I would characterize Putnam as a strong partner with our other businesses around the globe. Putnam has some very strong performing capabilities, and we benefit from those on sell-through in our wealth management offerings. But you wouldn't position it as proprietary because it's separately branded, and Putnam competes with those strong offerings into those various channels. So Empower would benefit from that. Our European operations and our Canadian operations have some strong Putnam mandates that are -- we benefit from the performance and the flows there. So I would characterize it as a strong partner.
Sort of a related question then. From an expense perspective, does Putnam absorb some of the expenses of the overall organization. What I mean by this is if Putnam were not part of the overall Great-West Life business, would expenses throughout the organization necessarily have to increase? That's something we can -- you can think about?
Yes. I -- anytime, if it was not part -- I guess there could always be that sort of an impact, but I don't tend to look at it in that way. I look at Putnam as a strong performing asset manager for their clients, for Putnam clients. I see it as having some capabilities that we have sell-through opportunities across the group. And I also see it as a business that has potential to be scaled. We're seeing some organic benefits there, but also potential to be scaled as if we could look at some transactions to scale it up where we could unlock value. And that is kind of the -- that's the strategy we're on, and we remain on strategy. So I don't tend to think of it in the terms that you're outlining.
This concludes the question-and-answer session.
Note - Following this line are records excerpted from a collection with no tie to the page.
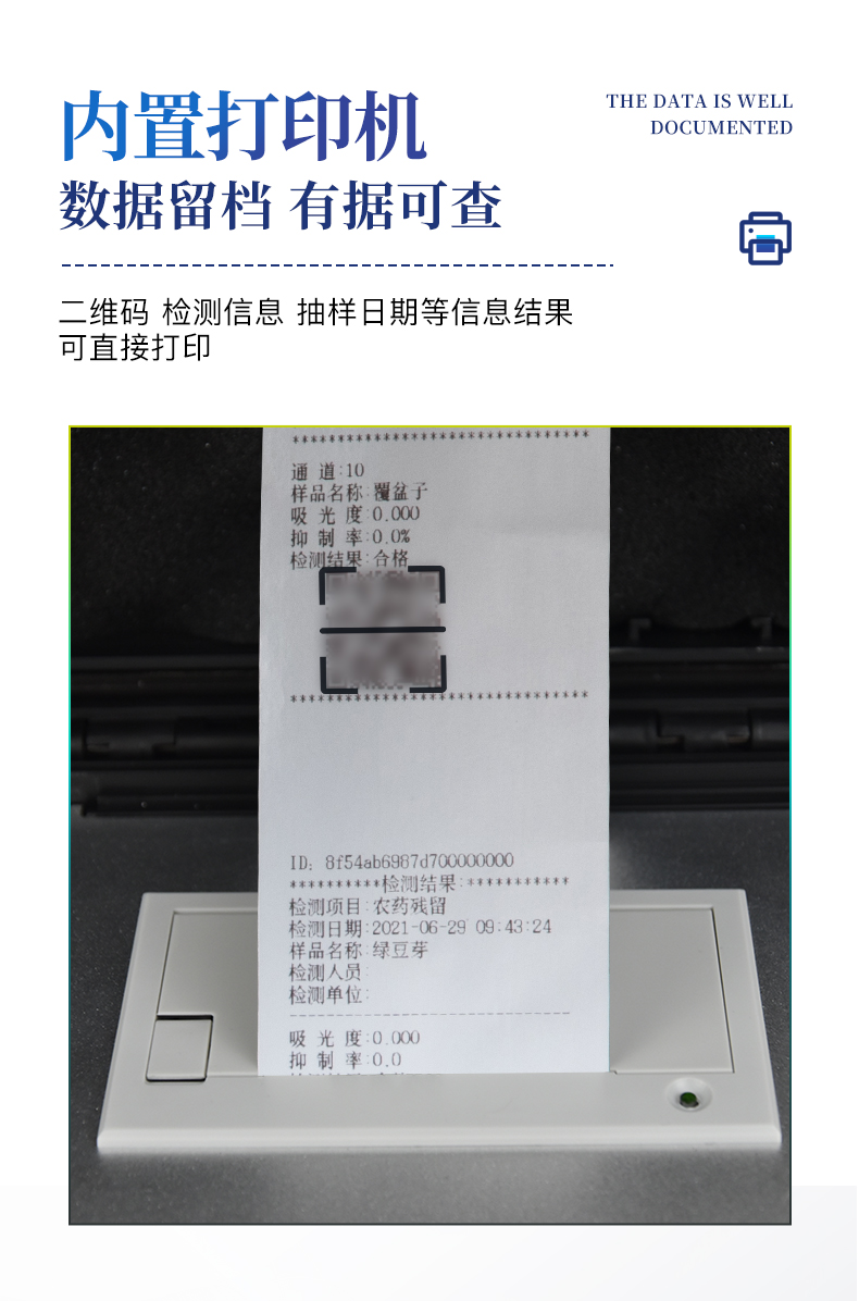 | 隨著人民生活水平的不斷提升,市場對茶葉的把控愈加嚴格。針對現狀,我司專門研發生產--茶葉專用的農藥殘留速測儀;定位茶農、茶商、茶葉企業使用。 此外還可用于果蔬茶生產基地和農貿批發銷售市場現場檢測,餐館、學校、食堂、家庭果蔬加工前的安全速測等。 | 檢測通道: 5個檢測通道,可以同時測試多個樣品,每個樣品由程序控制分別獨立工作,不會互相干擾。 | 顯示方式:≥5英寸液晶觸摸屏顯示,人性化中文操作界面,讀數直觀、簡單。 | 配備嵌入式高速熱敏打印機,可選擇手動打印或者自動打印,三分鐘出打印結果。 | 光源采用進口超高亮發光二極管,具有低功耗、穩定性強、高靈敏度,高檢測精度,高重復性精度,光源可控、響應速度快等優點。 | 采用標準USB接口設計,免驅動安裝,方便數據的存貯和移動,并可隨時與計算機直接相連,并且可用計算機控制儀器。實現數據查詢、瀏覽、分析、統計、打印等。 | 智能化程度高,儀器具有自檢功能:具有開機自檢和調零功能,具有自動檢測重復性功能 | 內置強大的數據庫,可在儀器上直接選擇樣品名稱、檢測指標、送檢單位等信息,也可在儀器上直接編輯錄入樣品名稱、檢測指標、送檢單位等信息并保存進樣品數據庫。 | 支持Wifi網絡,數據可局域網和互聯網數據上傳,檢測結果直接傳至食品安全監管平臺。進行區域食品安全監管及大數據分析處理,檢測區域食品安全長短期動態,達到食品安全問題預估、預警 |
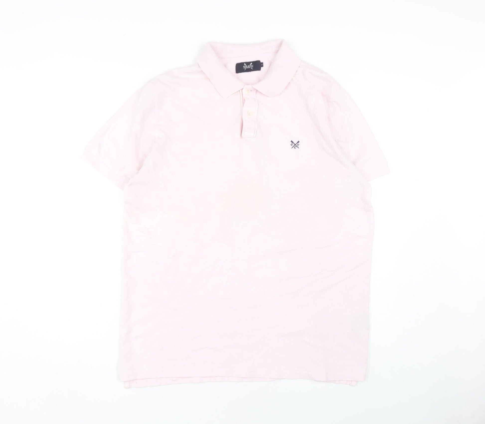 Crew Clothing Co. Men's Pink Polo, Size L, Logo Accent
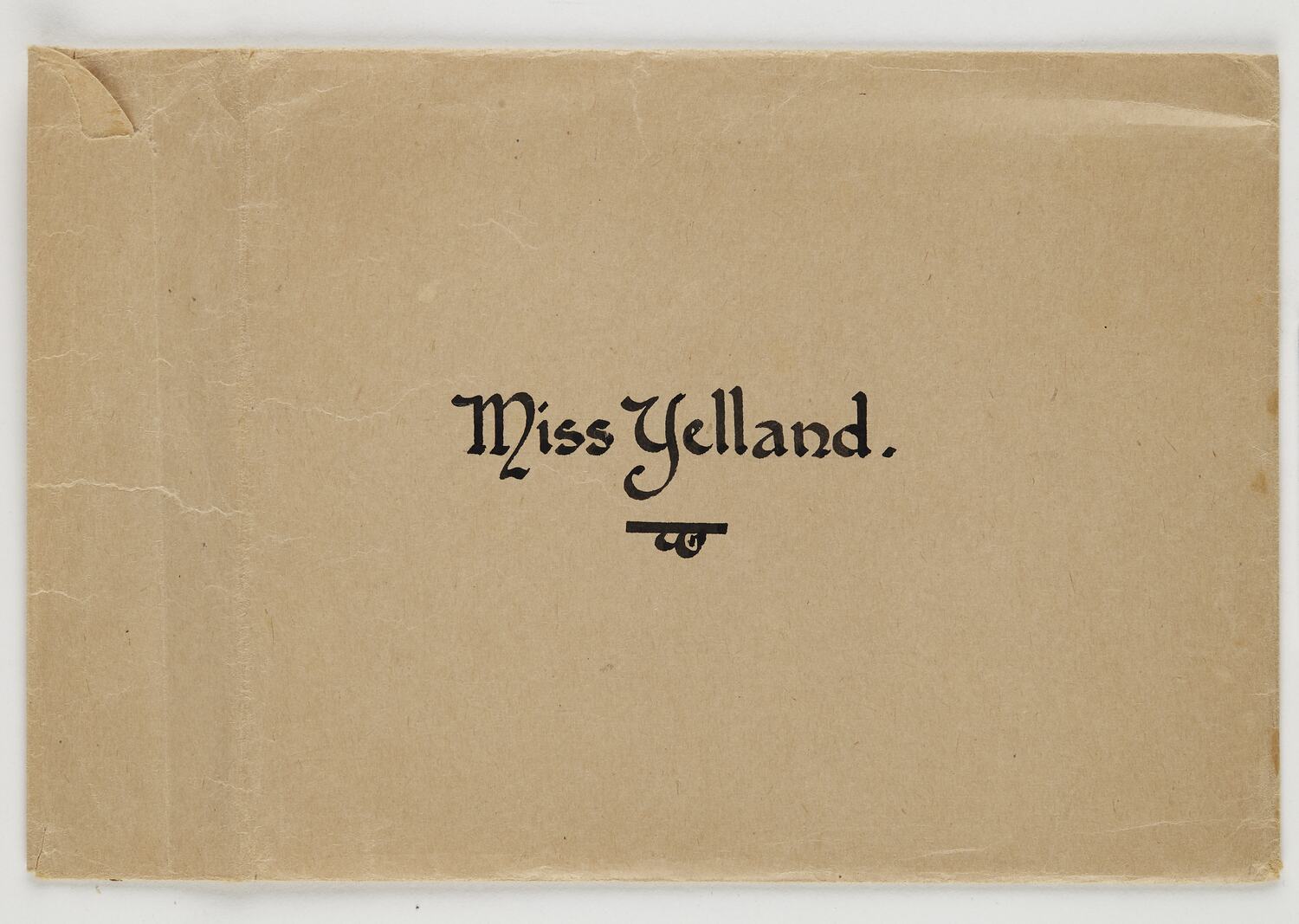 Plain brown envelope with handwritten name in black ink on front, in calligraphic serif font.

I would like to turn the conference back over to Mr. Mahon for any closing remarks.
Thank you very much, Ariel. Well, listen, I'd like to thank everyone for attending our Q2 call. Feel free to reach out to our IR team if you have any follow-up questions. And I hope everyone can take some time to enjoy the summer in a safe and -- safe way with your families. And we look forward to connecting with you in Q3 for our call in November. Take care.
This concludes today's conference call. You may disconnect your lines. Thank you for participating and have a pleasant day.